_Exercise aim_: Each line of the data must reappear exactly in your answer, with no images included.

_Recorded data_:

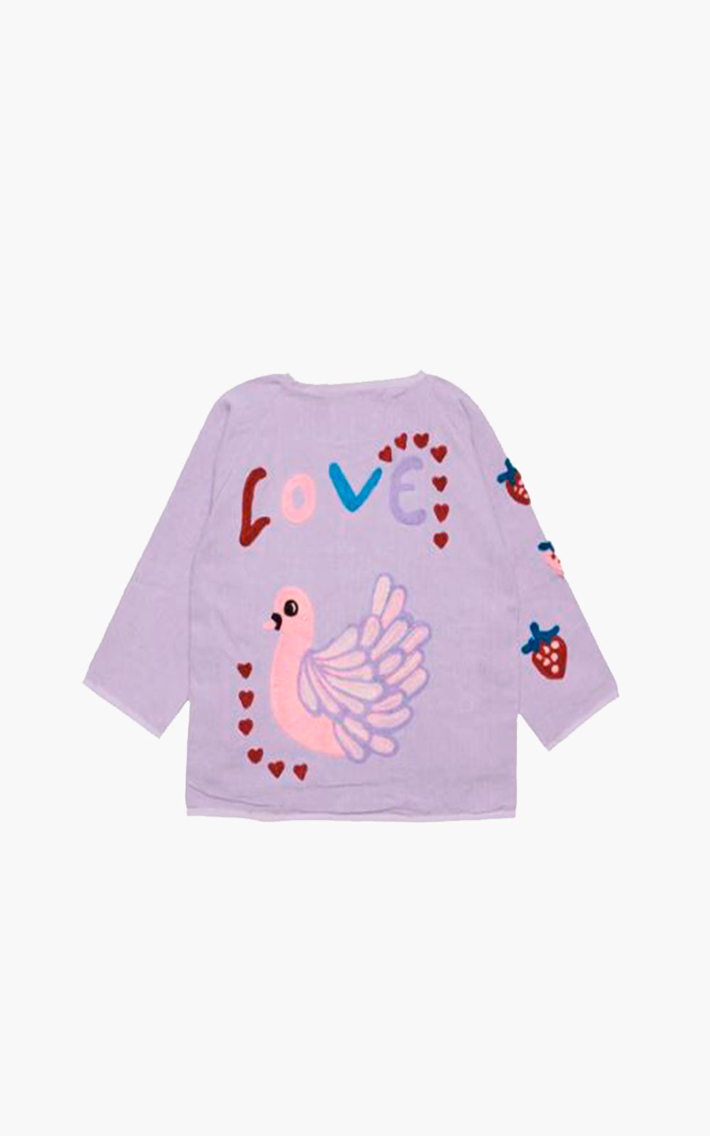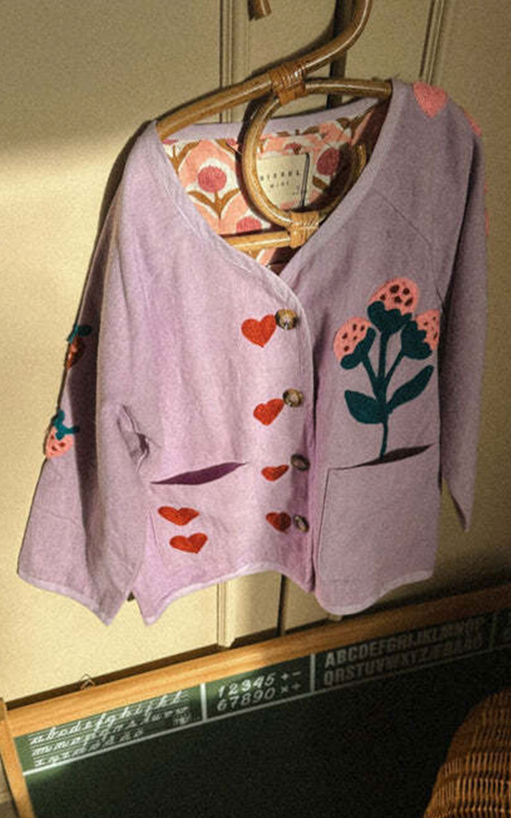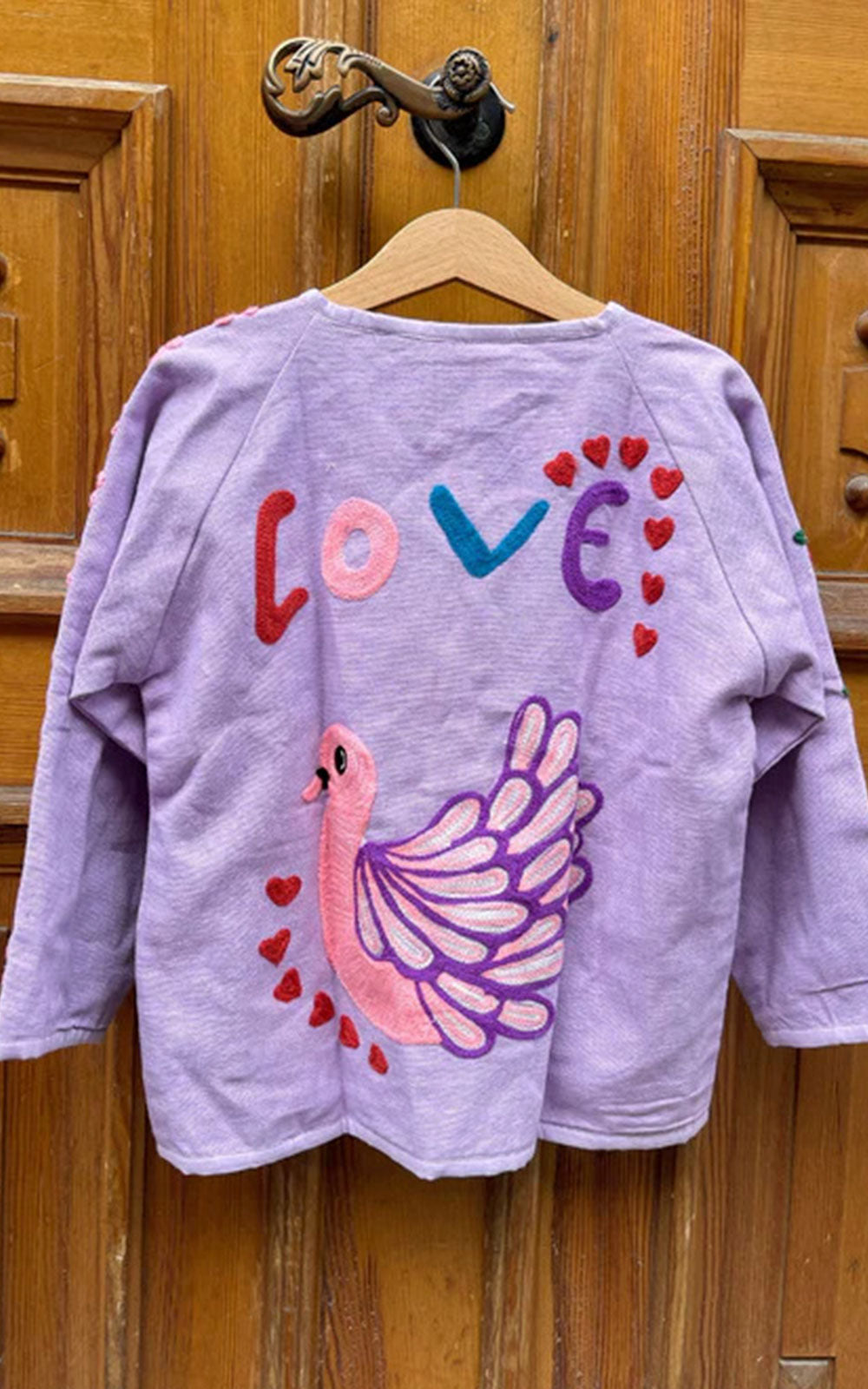 The Vega jacket features raglan sleeves and is decorated with a beautiful suzani embroidery with the "hearts & LOVE" design. The jacket has two front pockets and buttons on the front placket. All edges are covered with matching cotton ribbons and the jacket is fully lined with block printed cotton lining.
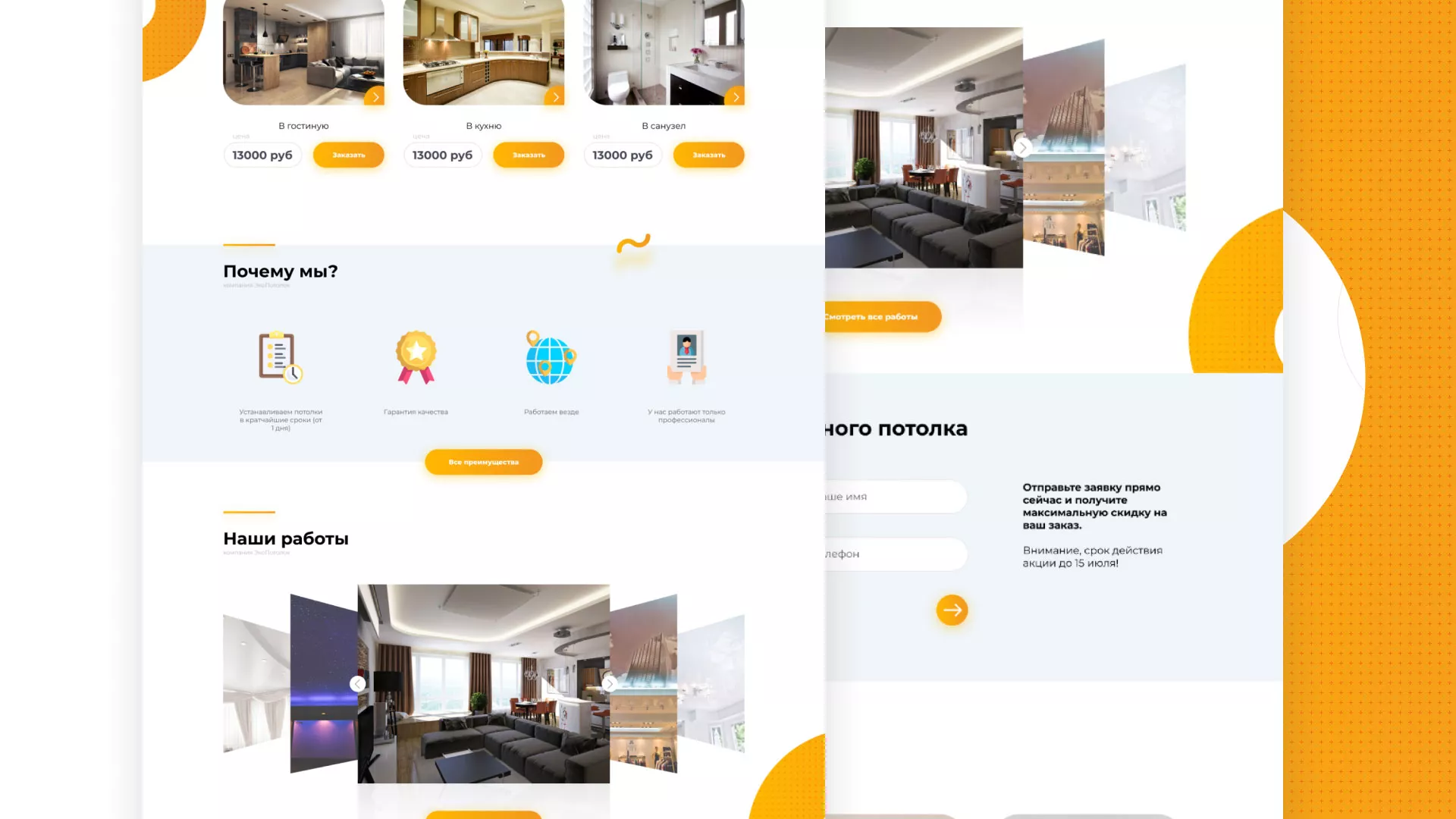 В нашем портфолио в Краснотурьинске Вы можете найти большое количество вариантов готовых сайтов, среди которых есть и сайты по натяжным потолкам. Все проекты выполнены с учётом пожеланий заказчиков, многие из которых стали нашими друзьями.
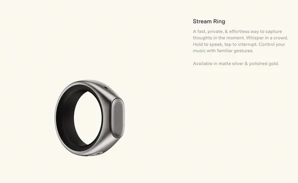 Stream มีดีไซน์เรียบหรูคล้ายแหวนแฟชั่นทั่วไป แต่แฝงด้วยเทคโนโลยีระดับสูง ตัวเรือนผลิตจากวัสดุโลหะขัดเงา มีให้เลือกทั้ง สีเงิน (Silver) และ สีทอง (Gold) ด้านบนเป็นพื้นผิวเรียบที่ทำหน้าที่เป็น แผ่นสัมผัส (Touchpad) สำหรับกด บีบ หรือปัด เพื่อสั่งงานอุปกรณ์ ฟังก์ชันหลักผ่านไมโครโฟนขนาดจิ๋วที่ฝังในตัวแหวน ซึ่งจะเปิดใช้งานเฉพาะเมื่อผู้ใช้แตะและกดค้างบนแผ่นสัมผัส เพื่อบันทึกเสียงหรือพูดคุยกับผู้ช่วย AI ทำให้มั่นใจได้ในเรื่องความเป็นส่วนตัว

_Completed task_:
 The Vega jacket features raglan sleeves and is decorated with a beautiful suzani embroidery with the "hearts & LOVE" design. The jacket has two front pockets and buttons on the front placket. All edges are covered with matching cotton ribbons and the jacket is fully lined with block printed cotton lining.
 В нашем портфолио в Краснотурьинске Вы можете найти большое количество вариантов готовых сайтов, среди которых есть и сайты по натяжным потолкам. Все проекты выполнены с учётом пожеланий заказчиков, многие из которых стали нашими друзьями.
 Stream มีดีไซน์เรียบหรูคล้ายแหวนแฟชั่นทั่วไป แต่แฝงด้วยเทคโนโลยีระดับสูง ตัวเรือนผลิตจากวัสดุโลหะขัดเงา มีให้เลือกทั้ง สีเงิน (Silver) และ สีทอง (Gold) ด้านบนเป็นพื้นผิวเรียบที่ทำหน้าที่เป็น แผ่นสัมผัส (Touchpad) สำหรับกด บีบ หรือปัด เพื่อสั่งงานอุปกรณ์ ฟังก์ชันหลักผ่านไมโครโฟนขนาดจิ๋วที่ฝังในตัวแหวน ซึ่งจะเปิดใช้งานเฉพาะเมื่อผู้ใช้แตะและกดค้างบนแผ่นสัมผัส เพื่อบันทึกเสียงหรือพูดคุยกับผู้ช่วย AI ทำให้มั่นใจได้ในเรื่องความเป็นส่วนตัว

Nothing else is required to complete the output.